So consider these dfs:
data1 = [{'name': 'Muhammad', 'age_x': 20, 'city_x': 'Karachi', 'number' : 1001},
{'name': 'Ali', 'age_x': 19, 'city_x': 'Lahore', 'number' : 1002},
{'name': 'Ahmed', 'age_x': 25, 'city_x': 'Islamabad', 'number' : None}]
data2 = [{'name': 'Muhammad', 'age_x': 20, 'city_x': 'Karachi', 'number' : 1001},
{'name': 'Ali', 'age_x': 19, 'city_x': 'Lahore', 'number' : 1002},
{'name': 'Ahmed', 'age_x': 25, 'city_x': 'Islamabad', 'number' : None}]
df1 = pd.DataFrame(data1)
df2 = pd.DataFrame(data2)
Is there a good solution to merge these dfs (or indicate the matches in df1) based on number column if not None, if number column is None, then based on name?

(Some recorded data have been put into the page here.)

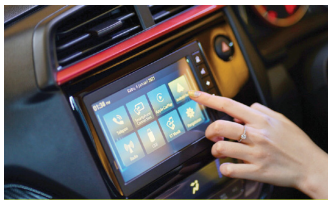
New 7" Advanced Capacitive Touchscreen Display Audio for RS CVT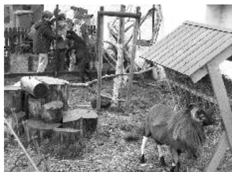
Den otevřených dveří Ekocentra láká děti i dospělé.

Informace ke sběru: pevně svázané balíky starého (nejlépe tříděného) papíru se zváží přímo na místě. Plastové lahve doporučujeme doma nejdříve sešlapat (můžete odevzdávat i s našroubovanými uzávěry), spočítat nebo zvážít, vložit do plastových pytlů a zavá-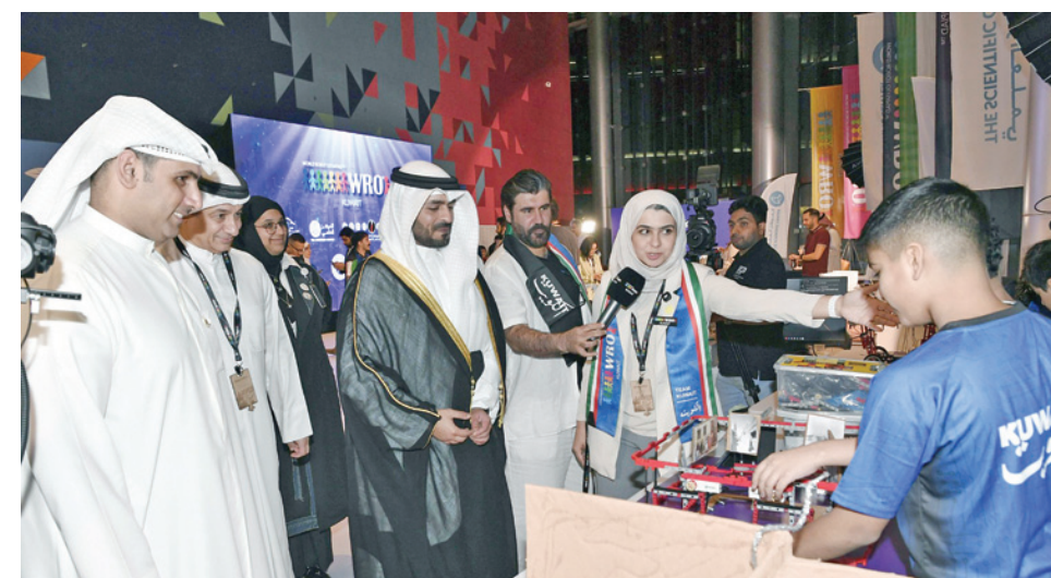
• جانب من المشاركين في المسابقة

العلمي عمق هذه الشراكة الراحسة، وتفخر بما تحقق معاً في تطوير العقول وتعزيز مكانة الكويت على الساحة العالمية. ويشترك في البطولة 8 فرق، وتتنافس ضمن بيئة تحاكي أجواء البطولات الرسمية، بهدف رفع مستوى الجاهزية الفنية وتعزيز الخبرات العملية لدى الطلبة المشاركين وتأتي هذه البطولة ضمن جهود إعداد وتأهيل الفرق من الكويت للمشاركة في نهائيات البطولة العالمية للروبوتات (World Robot Olympiad)، حيث سيتم اعتماد نتائج الفرق المشاركة بشكل رسمي ضمن نظام WRO.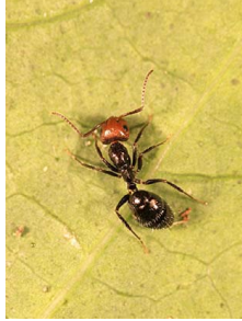
Fourmis (p. 117)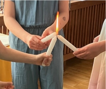
Kindergottesdienst in F'felde

Auch in diesem Jahr feiern wir eine Woche nach Pfingsten das Fest der Heiligsten Dreifaltigkeit. So mancher Theologe hat versucht, eine schlüssige Erklärung für dieses Gedankenkonstrukt zu finden, andererseits wird aber auch immer wieder betont, dass die Dreifaltigkeit nicht zu erklären ist. Dabei ist sie doch quasi die Basis unseres Glaubens. Überlegen Sie mal, wie oft Sie das Kreuzzeichen machen und dabei wenigstens in Gedanken von Vater, Sohn und heiligem Geist sprechen.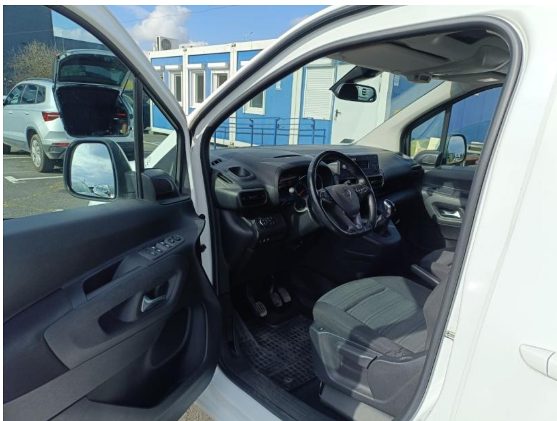
Fot. 16 Widok przez otwarte drzwi przednie lewe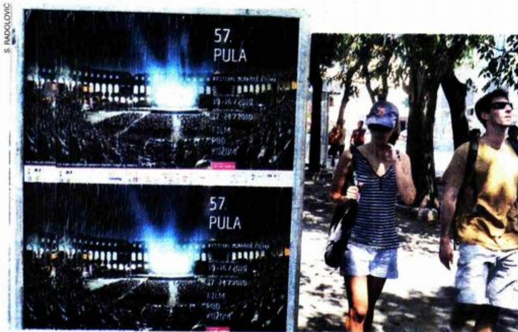
Pula već danima živi "filmski"

ra otkriva ljepotu sitnica svakodnevice. U čast festivalskog otvaranja, a u povodu devedesete obljetnice rođenja velikog talijanskog redatelja Federica Fellinija (1920.-1993.) večeras u 19.30 sati u dvorani Circola, slavni svjetski trubač Mauro Maur uz klavirsku pratnju Françoise de Close održat će koncert sa skladbama iz njegovih najslavnijih filmova koje je napisao jedan od najvećih svjetskih skladatelja filmske glazbe - Nino Rota. Maur i de Close izvest će i skladbe Ennija Morriconea. U kinu Valli u 16 sati filmska publika moći će pogledati reprizu filma iz međunarodnog programa Europolis-Meridijani "Transfer" redatelja Damira Lukačevića, dok je u 17.40 sati na programu projekcija francuskog filma ceste "Daj mi ruku" redatelja Pascala-Alexa Vincenta.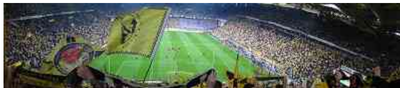
Der Signal-Iduna-Park, Spielstätte des BVB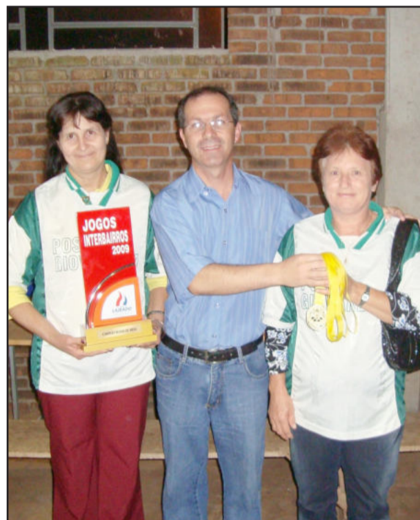
Kayser entregando os troféus ao 1º lugar ao time de Igrejinha

A Sejel lembra que nesta quinta-feira, dia 03, encerra o prazo das inscrições para as modalidades de Futsal Sub 16 (1994) e Futsal Veteranos (1974) dos Jogos Interbairros de Lajeado. As partidas estão marcadas para ocorrer nos dias 8 e 15 de setembro no Centro Esportivo Municipal Mário Lampert, no Bairro São Cristóvão, a partir das 19h15min. Já as inscrições das equipes para a modalidade Minifutebol Livre estarão abertas no período de 3 a 15 de setembro e também deverão ser efetuadas na sede da Sejel (Rua Bento Gonçalves, 524).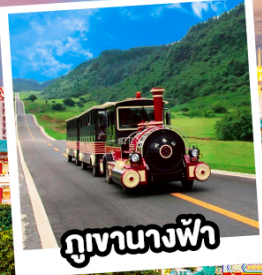
ภูเขาฉางฟ้า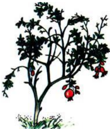
M : Cây lựu vừa bói quả.

3. Nói câu chứa tiếng có vần ưu hoặc ươu .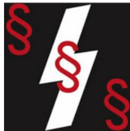
"Sig"-Rune - La runa 'Sig'

L' "alfabeto runico" (chiamato "Futhark" dalla sequenza delle prime lettere) ha subito cambiamenti nel corso del tempo, sia per quanto riguarda il numero dei caratteri che la loro forma e denominazione.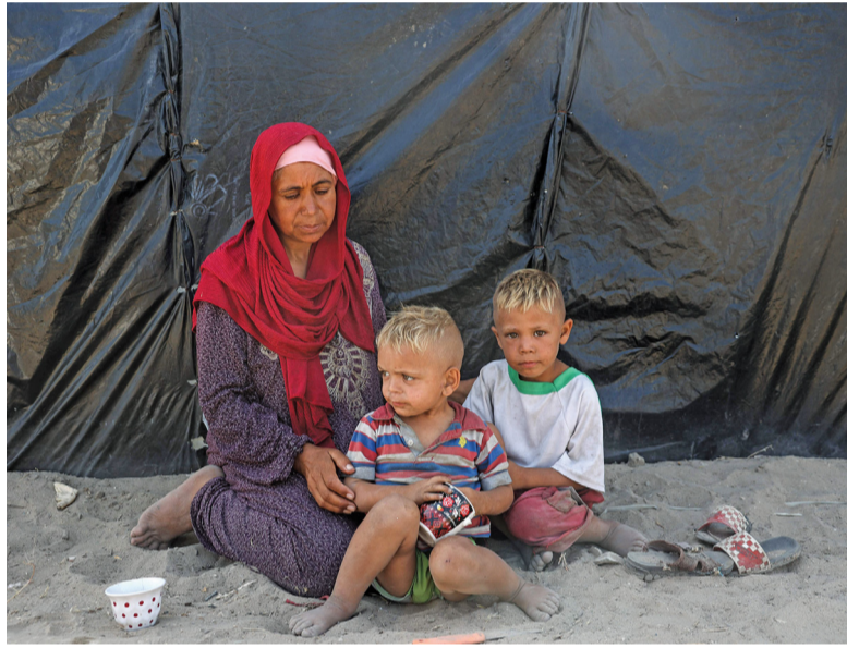
فلسطينية وطفلاها يجلسون أمام خيمتهم، بمخيم مؤقت للنازحين أقيم على جانب الطريق في دير البلح وسط قطاع غزة.

القدس المحتلة. «الوطن». وكالات: استشهد ٤٢ فلسطينياً بحصف الاحتلال لمناطق عدة في إطار عدوانه الشامل على قطاع غزة؛ ٣٠ منهم في مجازر بخان يونس ومخيم النصيرات وسط القطاع، وفي القدس المحتلة، قالت دائرة الأوقاف الإسلامية إن أكثر من ٢٢٥٠ مستوطناً متطرفاً اقتحموا باحات المسجد الأقصى المبارك منذ صباح أمس، فيما تسمى «تكري خراب الهيكل»، بحماية مشددة من شرطة الاحتلال يأتي ذلك برعاية حكومية من الاحتلال، حيث اقتحم وزير الأمن القومي الإسرائيلي المتطرف إيتامر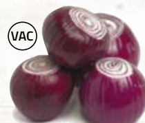
Rödlök 1400, vac, 5 kg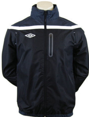
Noir / Gunmetal / Blanc 237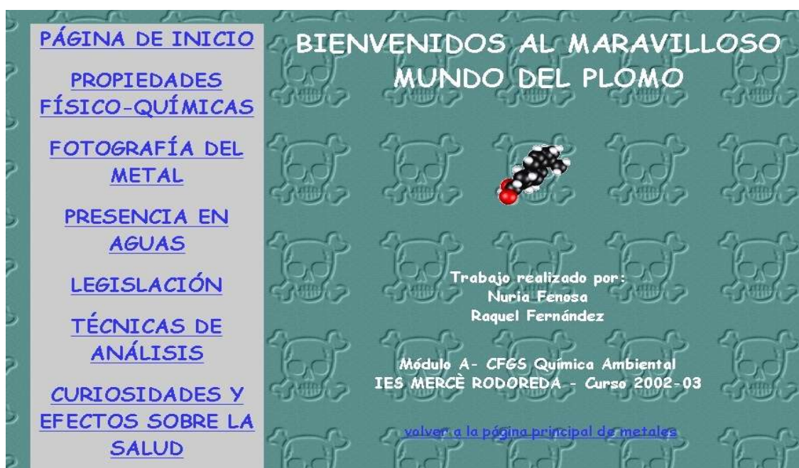
Figura 5.- Página principal del trabajo realizado sobre el plomo.

Una vez que el alumnado había adquirido las habilidades básicas del BSCW y del Netscape Composer, empezaron a trabajar sobre el proyecto asignado: cada grupo cooperativo debía realizar una serie de diferentes páginas web sobre un metal en concreto y su presencia y análisis en aguas. Cada grupo cooperativo, en cada grupo-clase, debía realizar el proyecto sobre un metal diferente. El sistema de derechos de acceso del BSCW permitía que todo el alumnado de un mismo grupo-clase pudiera ver el progreso y el trabajo del resto de compañeros de su grupo-clase y, por tanto, aprender con aquello que sus compañeros iban haciendo, además de compartir información en la carpeta de grupo-clase. Los proyectos asignados a los grupos cooperativos de los tres grupos-clase eran independientes y esto permitió que pudiera haber proyectos sobre el mismo metal en grupos-clase diferentes.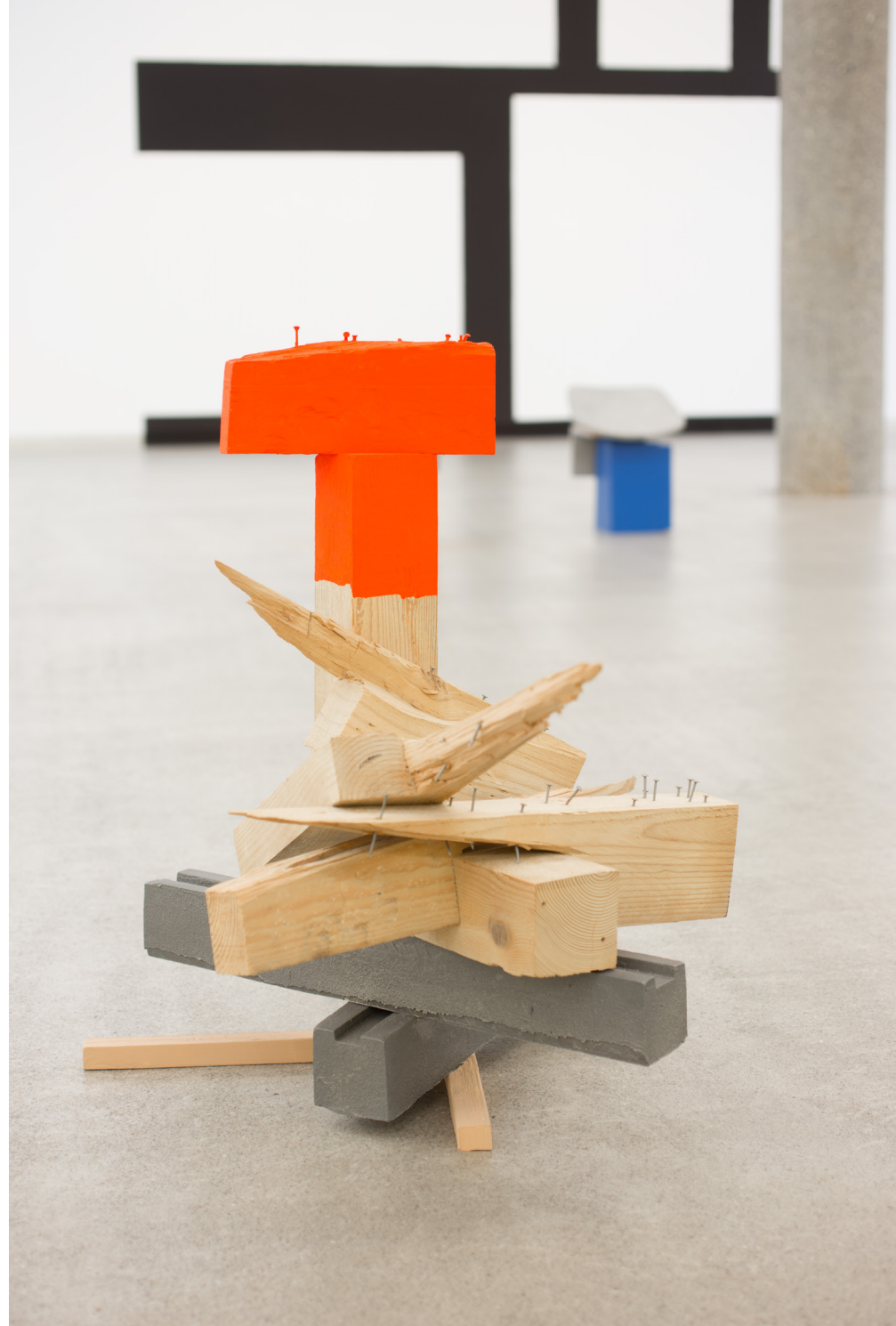
Dardara , 2019. Galdatutako eta soldatutako aluminiozko elementuak, egurra, iltzeak eta pintura. 60 x 60 x 64 cm.

Since you have different types in number/name, an easy option would be to create a custom key with fillna
and use it to merge
:
out = pd.merge(df1, df2,
left_on=df1['number'].fillna(df1['name']).rename('key'),
right_on=df2['number'].fillna(df2['name']).rename('key'))
Output:
key_0 name_x age_x_x city_x_x number_x name_y age_x_y city_x_y number_y
0 1001.0 Muhammad 20 Karachi 1001.0 Muhammad 20 Karachi 1001.0
1 1002.0 Ali 19 Lahore 1002.0 Ali 19 Lahore 1002.0
2 Ahmed Ahmed 25 Islamabad NaN Ahmed 25 Islamabad NaN